赤銅竜
「グゥオオオオオオオオオオオオオーーーーーーッ」
轟音と共に炎を口から吐くドラゴン。僕は前に出て右手を伸ばしそれを余す事無く収納に入れる。んー、あんま熱くないな。しかも肺活量少なすぎだろ。もう終わりかよ。アンのブレスより一回り劣るな。これじゃゴブリンは一撃でやれてもオークは難しそうだな。トロールは無理だ。
問答無用で襲いかかってきたからには敵。僕はハンマーを両手で握り右後方に引き絞りながら一直線に駆ける。そしてあいさつ代わりにドラゴンの前足を薙ぐ。
ガキン!
硬質な音に弾かれる。おかしい。まるで固くて分厚い壁を殴ったかのように、全く打撃が通った感が無い。黄金竜でさえ少しは感触があったのに。

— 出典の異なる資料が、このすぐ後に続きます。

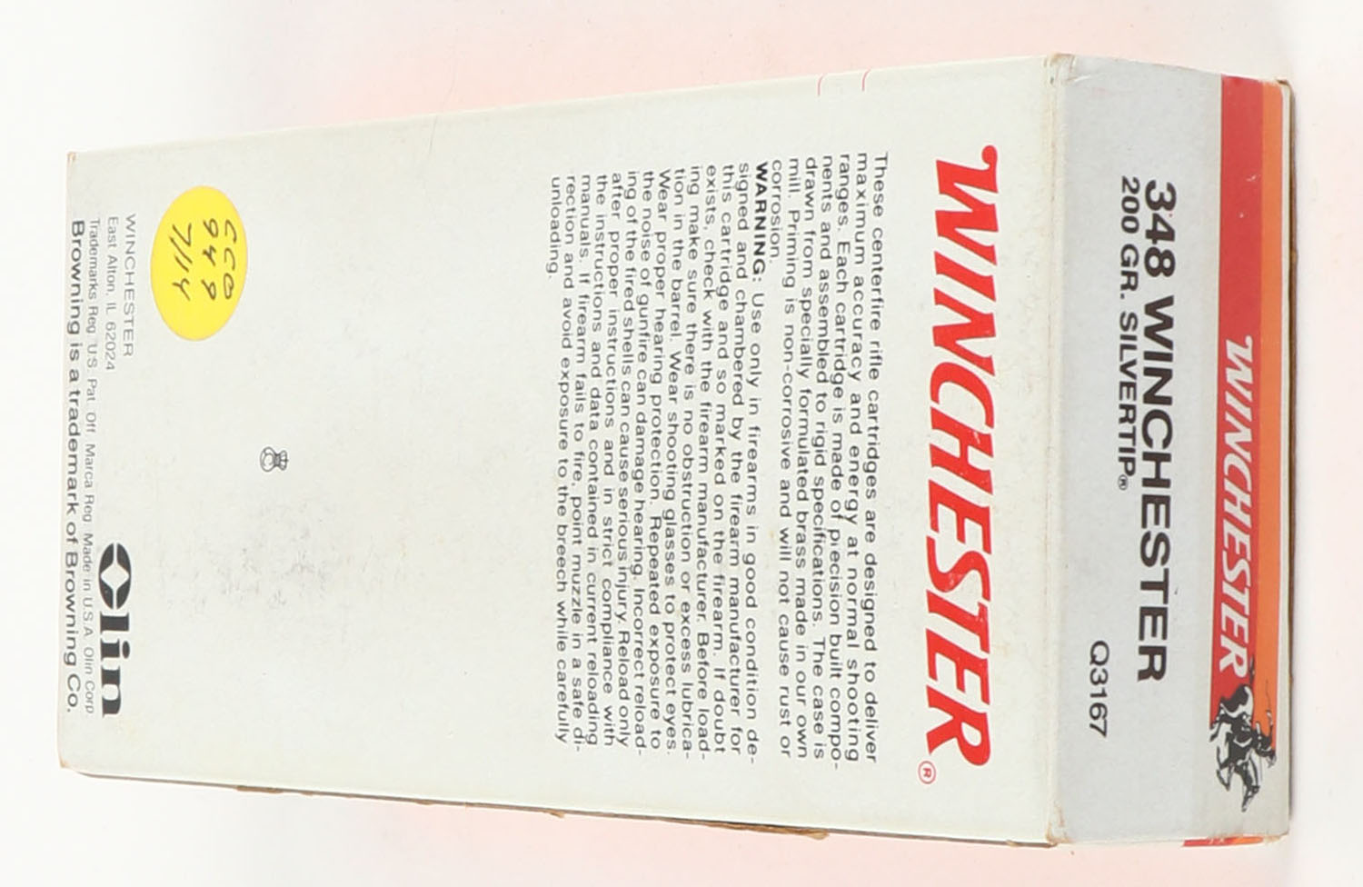 Winchester, Commemorative Ammunition for Browning Model '71, .348 Winchester, 200 Grain Silvertip, Full, 1pc. White & black box, box is solid with excellent color, some shelf & corner wear, edges are mostly crisp, end flaps are solid, ammo is excellent. Grade: Excellent + - Value: 40 to 120

と、思った時には僕はぶっ飛ばされていた。何だ? 体中が痛い。何が全身に刺さっている。赤銅色の破片みたいなのが体に刺さっている。収納からエリクサーを出してかぶるが、刺さってるとこは治癒しない。
ドドドドドドッ!
ドラゴンが巨体を震わせながら迫り来る。
「ザーップ!」
駆けて来たマイの差し出した手を掴む。ギリギリのところでドラゴンをかわし、僕とマイは地面を転がる。立ち上がったマイに手を引かれて立ち上がる。マイは僕に刺さった破片をガツガツ抜いてくれる。僕も破片を抜く。痛ぇ。腹を貫通して頭が飛び出してる破片を抜く。当然エリクサーは浴びている。
「何が起こった」
駆け抜けた竜から目を離さず聞く。
「ザップが叩いた瞬間、刺が一つ弾けたように見えたわ」
「なんだそりゃ? もしかしてスキルかなんかなのか?」
「ご主人様ーーーーっ!」
アンがこっちに走って来る。
「思い出しました。カプルソーです。あれはカプルソーです」
「だからなんなんだよ。そのカリプソーって?」
「ザップ、カプルソーよ。カリプソは音楽よ、なんかポコポコしてて楽しそうな」
さすがマイ。いつでもツッコんでくれる。けどボケた訳じゃない。
「だからカリプソーだろ」
「ちがうってカプルソーよ」
「だから、カリプソーだろ」
「だからカリプソーだって」
「ほら、マイもカリプソーって言った。もう覚えやすいし言いやすいからカリプソーでいいじゃないか」
なんかこっちを向いたドラゴンは体をブルブルと震わせている。そして、その体がみるみる縮んだと思うと、体を隠した裸の少女。少女を赤い霧みたいなものが包んだと思ったら、赤髪に赤いワンピースの少女が立っていた。
「カリプソーじゃない! カプルソーだ。そんな踊り出したくなりたくなりそうな名前じゃないやい!」
少女は叫ぶ。よし、計算通りだ。ドラゴン形態では話が出来ないから化けたんだろう。これで交渉できるな。